The chefs at Kayne Prime steakhouse in Nashville, Tenn., love the cutting edge. One of the restaurant's most praised dishes is three small steaks cooked "sous vide." Traditional grilling uses high temperatures to penetrate and cook the center of a steak, but if mistimed, the meat's edges will be gray, dry, and overcooked. Sous vide, on the other hand, uses precise temperature control to evenly cook beef edge-to-edge without fear of grilling away the juices.
This slow-cooking style requires specialized equipment, a hurdle that for years has kept the sous vide process sequestered in the kitchens of high-end restaurants.
Lukas Svec thinks sous vide is too good to keep locked up in steakhouses. He says it's time to bring the process home.
With cofounder Scott Heimendinger, Mr.

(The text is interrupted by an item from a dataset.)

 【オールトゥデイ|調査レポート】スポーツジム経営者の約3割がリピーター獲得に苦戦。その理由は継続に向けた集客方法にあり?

Svec built the Sansaire, a $200 kitchen appliance that can turn nearly any pot into a sous vide machine – no stove or gas required.

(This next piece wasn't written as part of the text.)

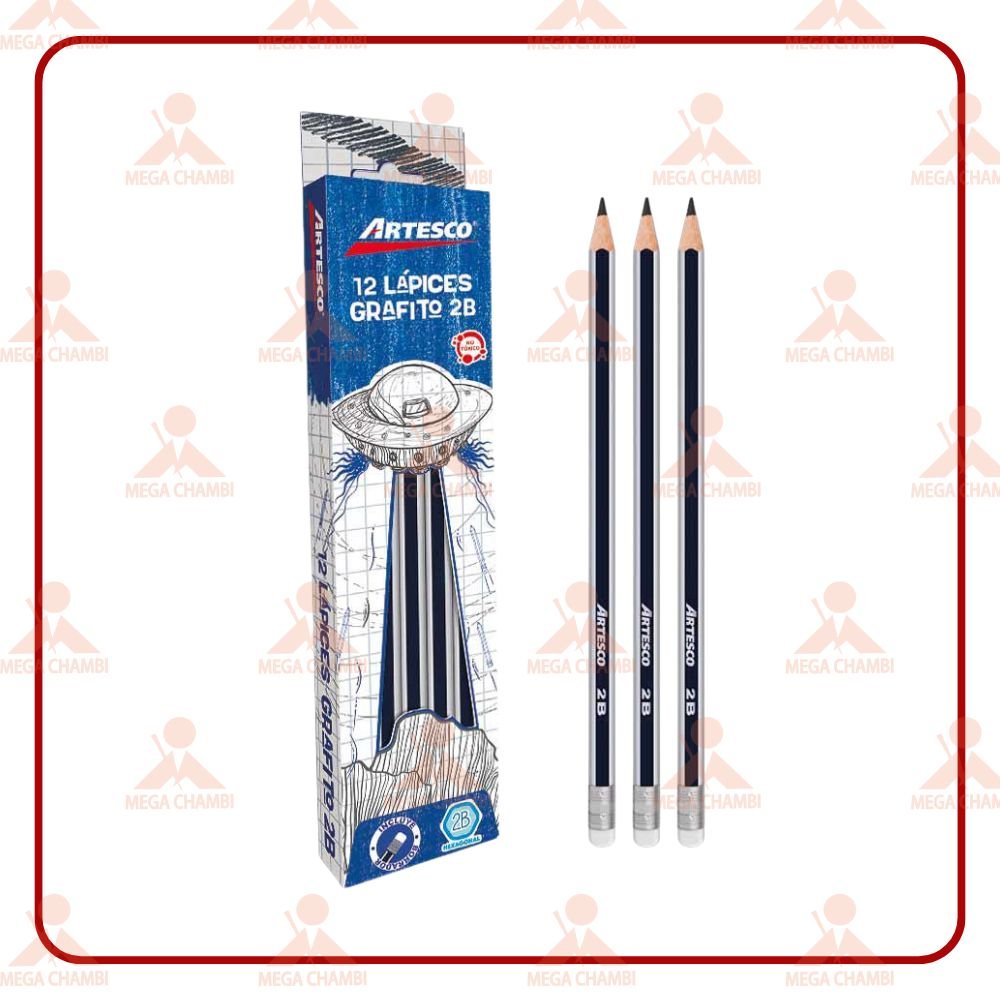Lápiz de grafito ARTESCO 2B con cuerpo hexagonal para mejor agarre. Perfecto para dibujo, escritura y sombreado.

Whether you try out the Sansaire or a $1,000 industrial "immersion circulator," cooking sous vide takes a few steps. First, use a circulator to heat a pot of water. These appliances keep the water at a precise, consistent temperature.
Second, place the ingredients – steak, fish, eggs, or even fruit – in an airtight bag. The Sansaire team says a simple zip-lock bag will do the trick. Then drop the package into the water bath.
Since proteins break down in very predictable ways, chefs can pinpoint preferred settings. But get used to waiting hours (or several days) for your dinner. This is slow food at its best. A rib-eye steak should cook at 126 degrees F. for an hour, while short ribs or briskets call for 144 degrees F. for 72 hours. For comparison, most gas stoves can easily reach 350 degrees F. and cook meat much faster, but in a less controlled fashion.
"With sous vide, it's like dialing in a temperature," says Svec. "You're assured of exactly what you want every time." And because the heat stays so much lower than with a grill or skillet, the window for messing up is much more forgiving. With several cuts of beef, you could lose track of an hour without ruining the meat's texture.
Some dishes will require one extra step. Many people like the taste of a little char on the outside of their steak, something sous vide machines cannot add on their own. Svec recommends putting oil or butter in a heavy pan on high heat, then searing the fully cooked steak for about a minute on both sides.
The Sansaire is available at sansaire.com and the cooking goods store Sur La Table, which says it will offer regular classes on how best to use the appliance. Rival company Sous Vide Supreme offers a line of all-in-one water ovens that range in price from $330 to $600.